37. Porn and Rape And a religious fundamentalist upbringing was correlated with higher rates of sexual deviancy (and rape). Fundamentalist upbringing caused both late exposure to porn and higher chances of sexual crimes.

38. Coincidence

39. The “Texas Sharp Shooter” Suppose I stand in front of a barn. I have a machine gun with me, and I am blindfolded. I shoot wildly at the barn for several minutes. Afterward, I walk up to the barn. I find a spot where three bullets are very close together, and I paint a target around them. “Look!” I say, “at what an excellent marksman I am!”

40. Rare Things are Frequent Rare coincidences are bound to happen sometimes. How likely is it that someone will both win the lottery and get struck by lightning? Well, there is 1 lottery every week, 50 every year. In a span of 30 years, 1500 people will win the lottery.

41. Getting Struck by Lightning There is a 1 in 1 million chance of getting struck by lightning in any given year. Let’s suppose each lottery winner on average lives 30 years after winning. That’s 30 distinct 1 in 1 million chances of getting struck, or a 30 in 1 million chance of getting struck in 30 years. P(struck) = 1 – P(not struck) = 1 – .999999^30

42. Winners Getting Struck by Lightning So what’s the probability that any of the 1,500 winners will get struck? P(some winner is struck) = 1 – P(no winner is struck) = 1 – .99997^1500 = 1 – .955997 = .044 = 4.4%. That’s higher than the probability that a coin will land heads 5 times in a row.

43. Lucia de Berk In 2006, Lucia de Berk, a nurse at a hospital in the Netherlands was convicted of killing 7 children. There was no evidence against her except for the fact that she was in the room during or before each of the deaths.
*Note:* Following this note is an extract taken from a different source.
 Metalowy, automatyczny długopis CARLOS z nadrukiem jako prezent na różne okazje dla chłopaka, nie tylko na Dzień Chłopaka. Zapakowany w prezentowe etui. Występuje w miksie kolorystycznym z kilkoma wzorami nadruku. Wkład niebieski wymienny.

44. Correlation Prosecutors reasoned that there was a correlation: Lucia de Berk in the room & death. It couldn’t be that the deaths caused her to be in the room. It couldn’t be that some common cause C both caused her to be in the room and the deaths. So the only other option was that she caused the deaths.

45. Coincidence But there was a third option: coincidence. How many hospitals are there in all the world? How many nurses work at each of those hospitals? What are the chances that, just by accident, in one of those hospitals one of those nurses just happened to be present for 7 deaths?
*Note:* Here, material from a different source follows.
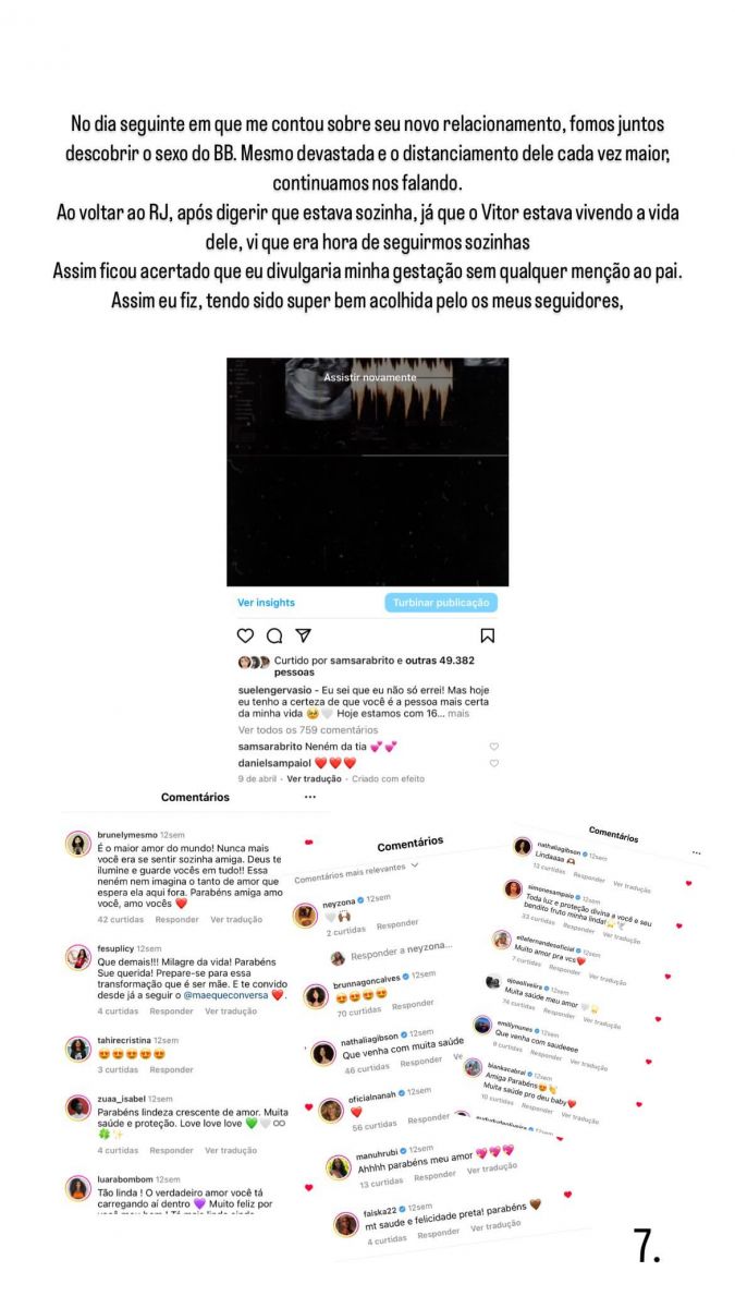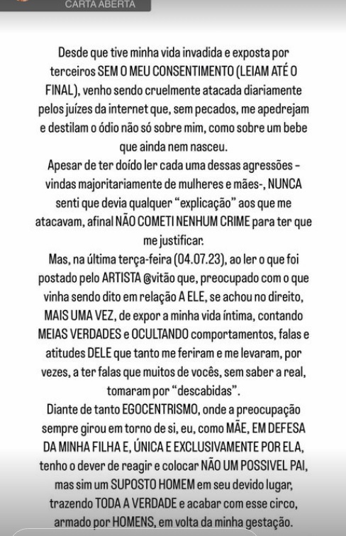 Suelen Gervásio, que está grávida de Vitão, abriu o jogo sobre a sua história na polêmica com o cantor, com quem passou a trocar farpas nos últimos dias e chegou a proibir de estar presente no momento do parto, devido à dúvida se ele irá assumir a criança. Leia na íntegra nas imagens publicadas no decorrer da matéria:

46. Rare Things are Frequent Richard Gill, Professor of Mathematical Statistics at the University of Leiden, worked hard to overturn the case. He estimated that the chance that this was an accident was 1 in 9. This doesn’t prove that she’s innocent (or guilty). But things that have a 1 in 9 chance of happening happen all the time!

47. Experimental design

48. Types of Scientific Studies There are two basic types of scientific studies (the stuff that gets published in scientific journals and reported in the “science” section of the newspaper): • Observational studies • Controlled experiments

49. Observational Studies An observational study looks at data in order to determine whether two variables are correlated.

50. Observational Studies For example, an observational study might ask women to record how much wine they drink, and also to report if they develop breast cancer. After many years, a correlation may be found between wine consumption and cancer.